-- Study material follows --

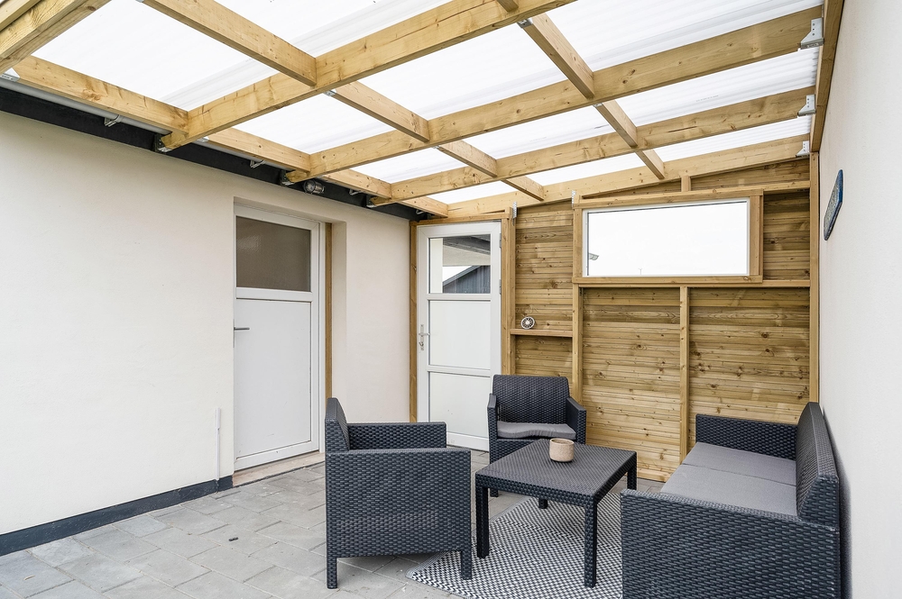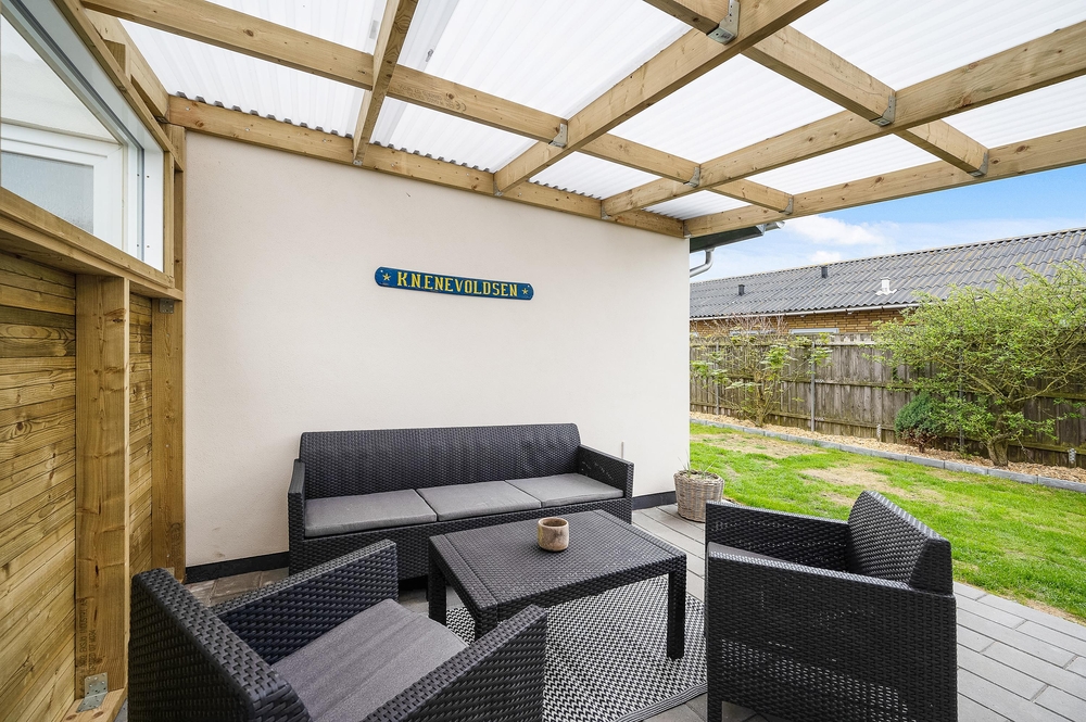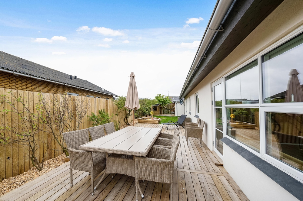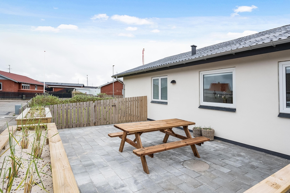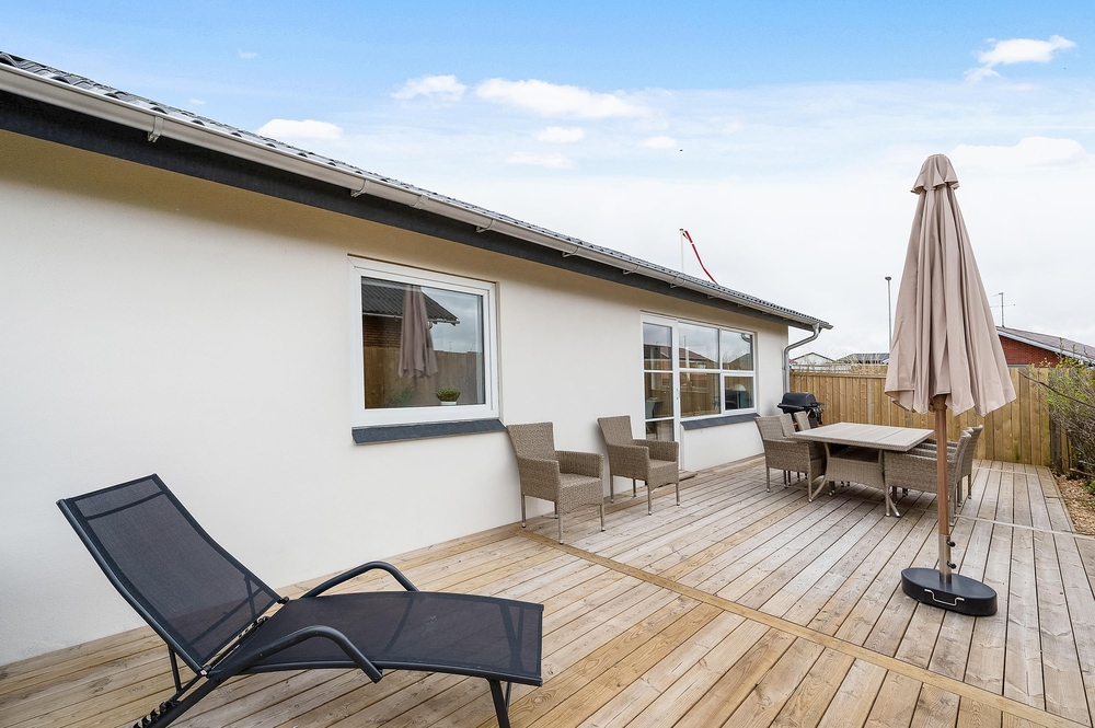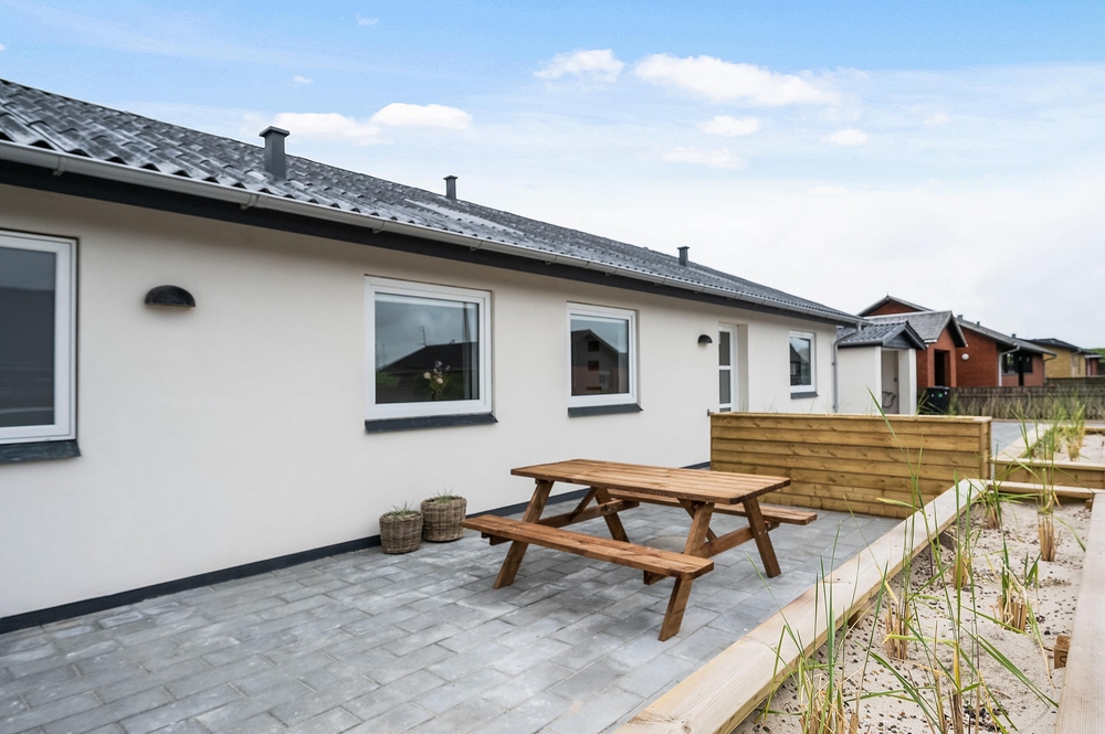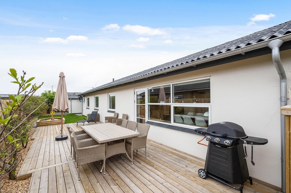 På terrassen er der også lagt op til mange hyggelige timer for hele familien om aftenen. Afslut dagene med en skøn middag på grillen med et godt glas vin til. Bagefter kan I gå den korte tur på blot 200 meter til Vesterhavet, hvor I kan opleve en helt fantastisk solnedgang.
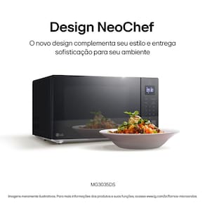 O Micro-ondas LG NeoChef com 30 litros, é ideal para quem busca praticidade e eficiência. Ele possui tecla limpa fácil, cozimento perfeito e receitas pré-programadas tudo para facilitar na hora do preparo de seus alimentos. Além disso, ele conta com o design NeoChef, deixando sua cozinha ainda mais sofisticada.
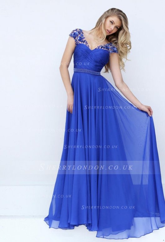 A-line Empire V Neck Flroal Lace Detailing Long Pleated Royal Blue Chiffon Prom Dress with Crystal Belt
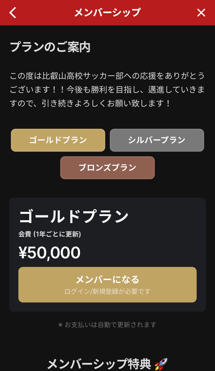 メンバーシップ機能からファンクラブ会員になって頂くと、チームから特別なグッズをお届けします!
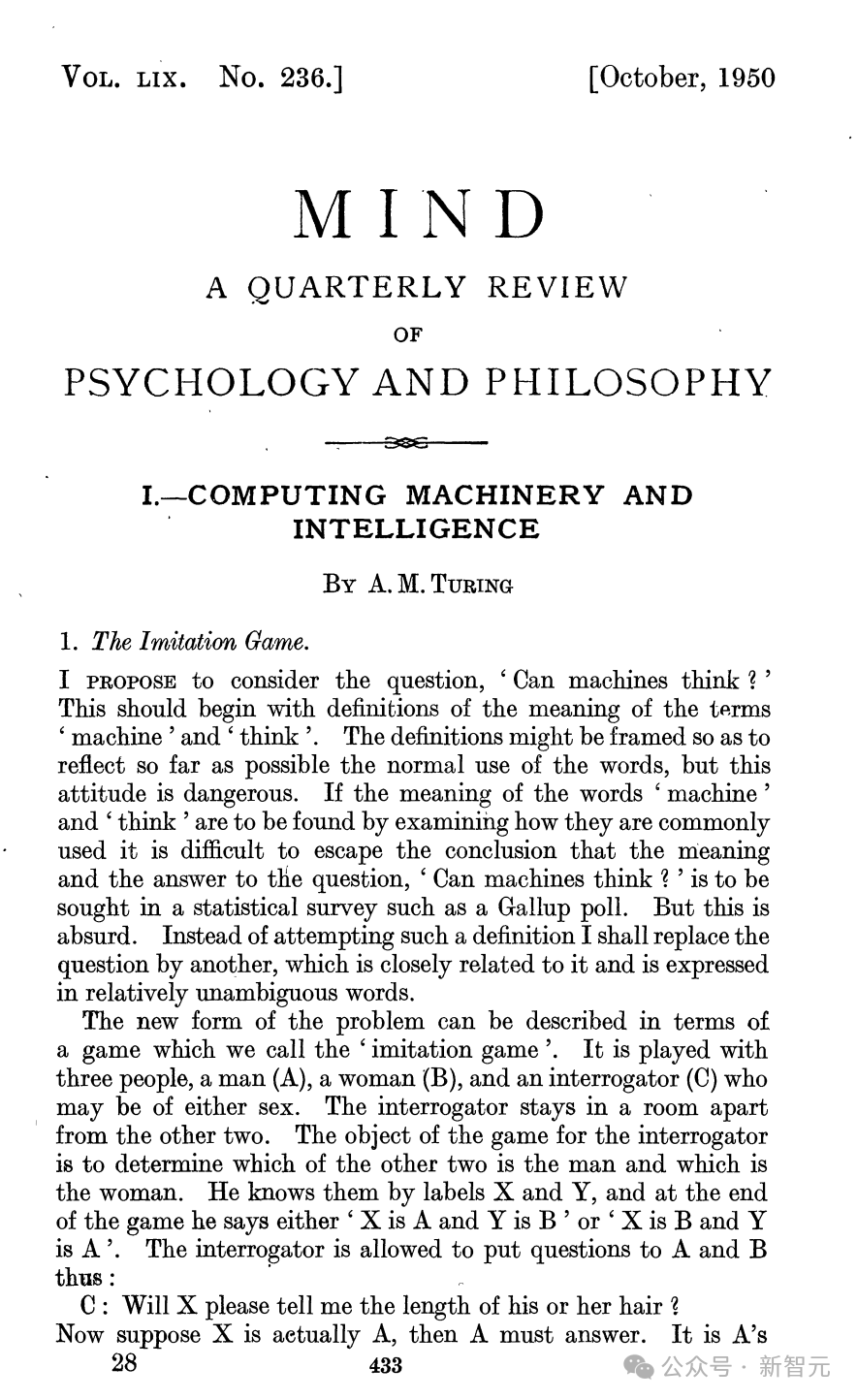 回想一下:1950年,图灵构思出了著名的「模仿游戏」,即如今广为人知的图灵测试,用于测试机器能否骗过人类,让人类以为它们是同类。
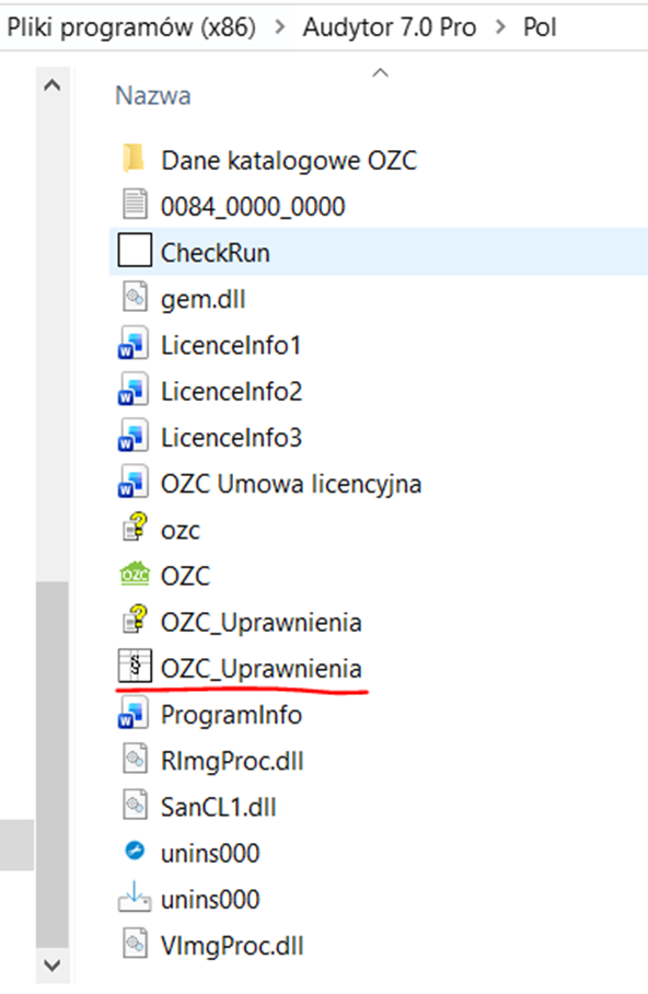 - W katalogu tym należy odnaleźć plik uprawnienia.exe z ikoną paragrafu na białym tle. Plik ten instaluje się wraz z instalacją programu.
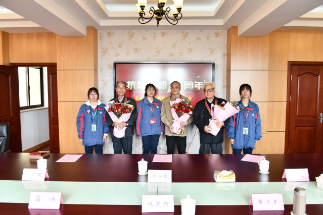 会上,校党委书记林国新,党委副书记、校长高炬及副校长黄汉军为三位老战士佩戴了由中共中央、国务院、中央军委联合颁发的“中国人民志愿军抗美援朝出国作战70周年纪念章”。学生代表向三位老战士献花。
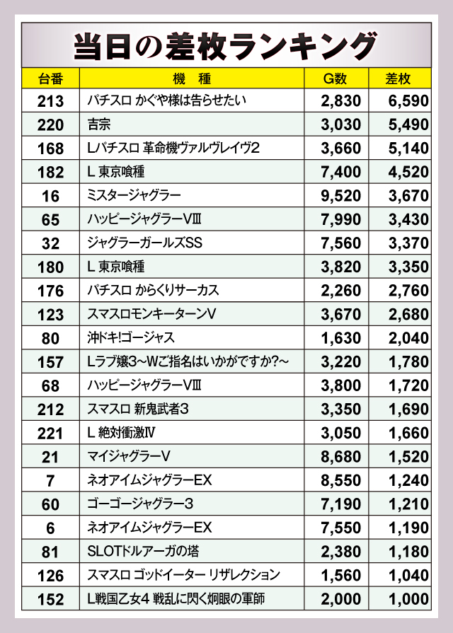 ※差枚数順に掲載しています。
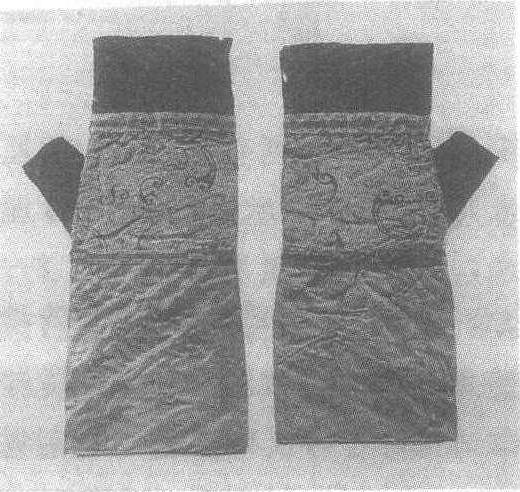 | 释义 | “信期绣”绢手套西汉。通长24.8厘米,上宽9.4厘米,下宽11厘米。1972年湖南省长沙市马王堆1号汉墓出土。湖南省博物馆藏。手套作直筒露指式,手掌面绢地为“信期绣”,正裁,缝在拇指上下,边缘镶饰“千金绦”两道;指部和腕部均用1/4幅绛色绢,斜裁,按螺旋方式缝合成筒状,再折为里、面两层,拇指部分另加布简并上侧有缝,腕部口无毛边。“信期绣”见“‘信期绣’褐色罗绮锦袍”条目。“千金绦”纹样由“千金”文字、雷纹、波折纹三种组成,分阴阳各异的两个单元纹饰,呈绛红色调,色彩古朴。
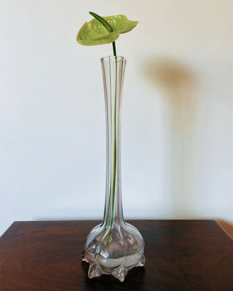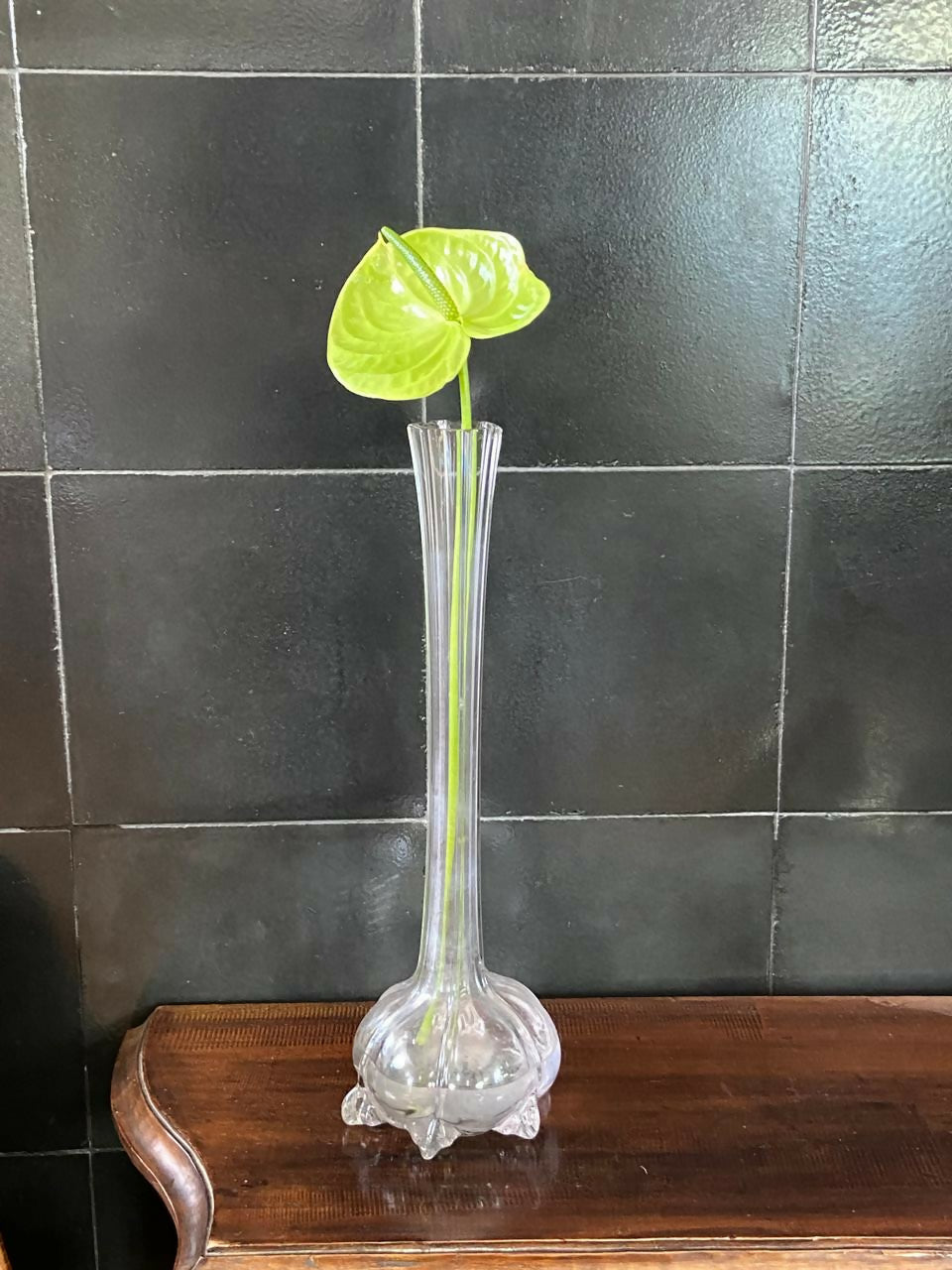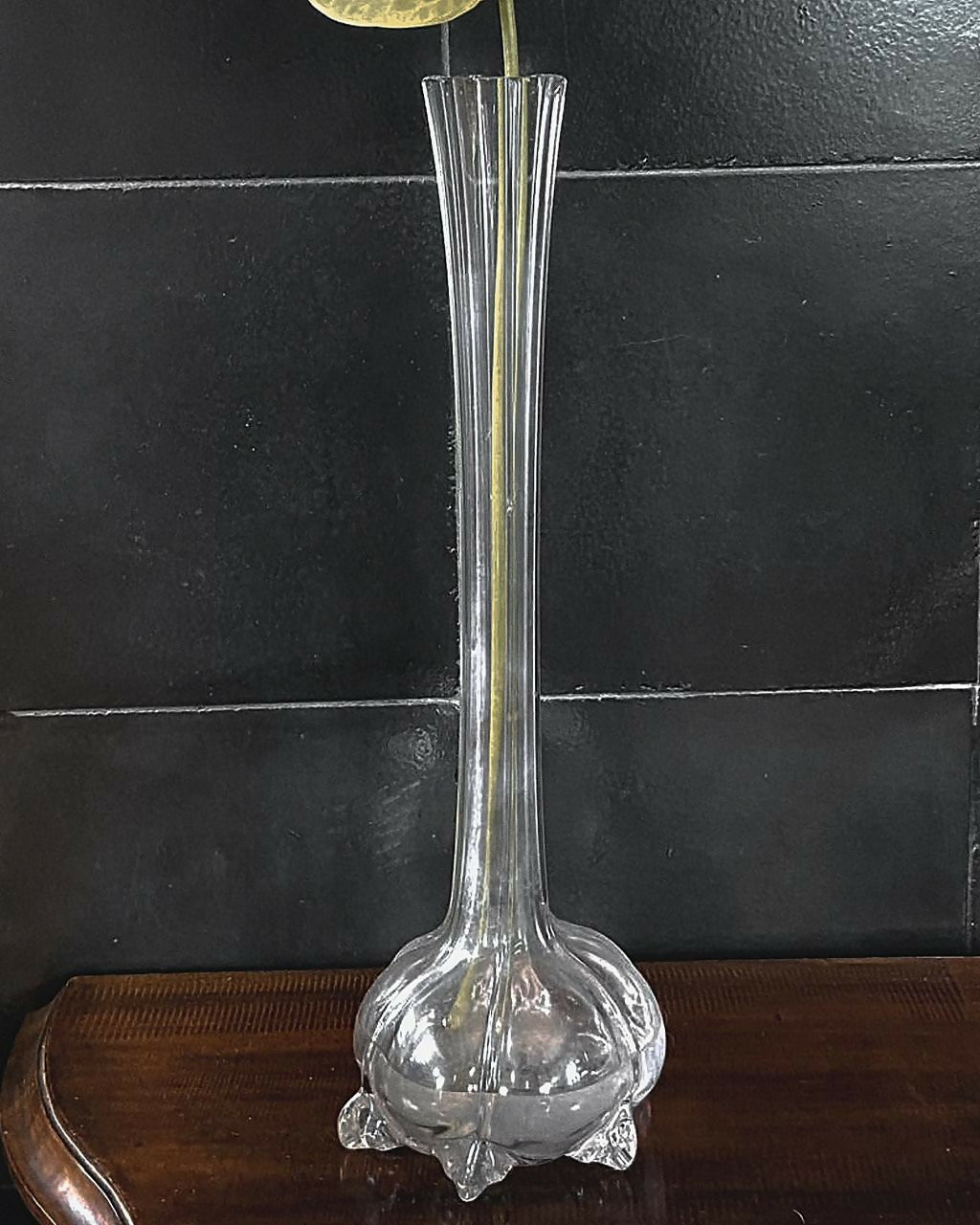 Um sopro de leveza em vidro. Sua base arredondada, delicadamente pinçada, parece conter a memória do gesto que o criou. A haste alongada e facetada, tão esguia, convida a olhar para cima, como se o vaso fosse feito para dar destaque a um único caule — simples e absoluto.
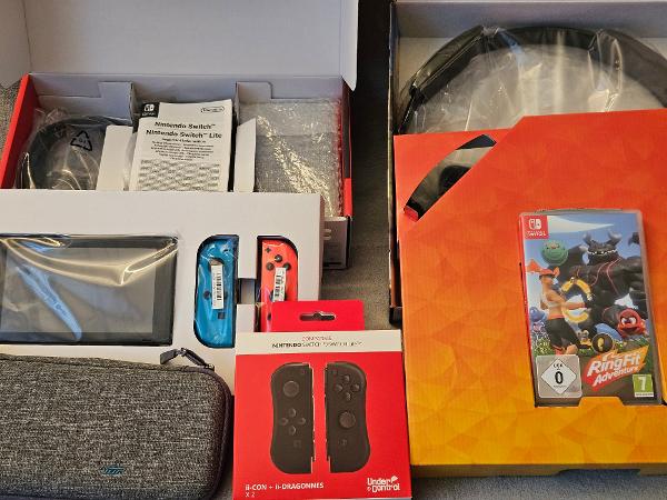 Nintendo Switch ・Nintendo:Switch 本体・Nintendo:リングフィットアドベンチャー (ゲー厶+リングコン)・Undercontrol:Joy-con (ペア・黒)・VUP:Switchケース付属品の欠け等ございません。写真にあるもの全てセットで180€で買い取っていただきたいです。気になる方は受け渡し時に、動作確認や汚れ等のチェックをしていただいても構いません。受け渡しは19区でお願いいたします。お支払いは、現金またはPayPal
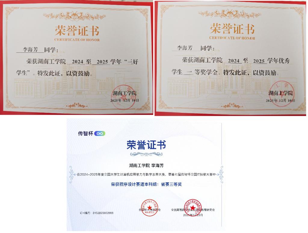 李海芳,女,计算机科学与工程学院2024级计算机科学与技术专业学生。该生严于律己,在思想、学习与实践中实现全面发展,综合表现优异。学习勤奋刻苦,综合成绩位列专业第一,荣获国家励志奖学金、校级一等奖学金及“三好学生”称号;积极参与学科竞赛,获第七届“佳智杯”全国IT技能大赛省赛三等奖、“学生会优秀工作者” 等荣誉,并在多项程序设计赛事中获奖,实践创新能力突出。

-- Study material concluded --

Reproduce nothing but the lines that run from the line containing "メンバーシップ機能からファン" through the last line of the records, inclusive. Omit the pictures.

 メンバーシップ機能からファンクラブ会員になって頂くと、チームから特別なグッズをお届けします!
 回想一下:1950年,图灵构思出了著名的「模仿游戏」,即如今广为人知的图灵测试,用于测试机器能否骗过人类,让人类以为它们是同类。
 - W katalogu tym należy odnaleźć plik uprawnienia.exe z ikoną paragrafu na białym tle. Plik ten instaluje się wraz z instalacją programu.
 会上,校党委书记林国新,党委副书记、校长高炬及副校长黄汉军为三位老战士佩戴了由中共中央、国务院、中央军委联合颁发的“中国人民志愿军抗美援朝出国作战70周年纪念章”。学生代表向三位老战士献花。
 ※差枚数順に掲載しています。
 | 释义 | “信期绣”绢手套西汉。通长24.8厘米,上宽9.4厘米,下宽11厘米。1972年湖南省长沙市马王堆1号汉墓出土。湖南省博物馆藏。手套作直筒露指式,手掌面绢地为“信期绣”,正裁,缝在拇指上下,边缘镶饰“千金绦”两道;指部和腕部均用1/4幅绛色绢,斜裁,按螺旋方式缝合成筒状,再折为里、面两层,拇指部分另加布简并上侧有缝,腕部口无毛边。“信期绣”见“‘信期绣’褐色罗绮锦袍”条目。“千金绦”纹样由“千金”文字、雷纹、波折纹三种组成,分阴阳各异的两个单元纹饰,呈绛红色调,色彩古朴。
 Um sopro de leveza em vidro. Sua base arredondada, delicadamente pinçada, parece conter a memória do gesto que o criou. A haste alongada e facetada, tão esguia, convida a olhar para cima, como se o vaso fosse feito para dar destaque a um único caule — simples e absoluto.
 Nintendo Switch ・Nintendo:Switch 本体・Nintendo:リングフィットアドベンチャー (ゲー厶+リングコン)・Undercontrol:Joy-con (ペア・黒)・VUP:Switchケース付属品の欠け等ございません。写真にあるもの全てセットで180€で買い取っていただきたいです。気になる方は受け渡し時に、動作確認や汚れ等のチェックをしていただいても構いません。受け渡しは19区でお願いいたします。お支払いは、現金またはPayPal
 李海芳,女,计算机科学与工程学院2024级计算机科学与技术专业学生。该生严于律己,在思想、学习与实践中实现全面发展,综合表现优异。学习勤奋刻苦,综合成绩位列专业第一,荣获国家励志奖学金、校级一等奖学金及“三好学生”称号;积极参与学科竞赛,获第七届“佳智杯”全国IT技能大赛省赛三等奖、“学生会优秀工作者” 等荣誉,并在多项程序设计赛事中获奖,实践创新能力突出。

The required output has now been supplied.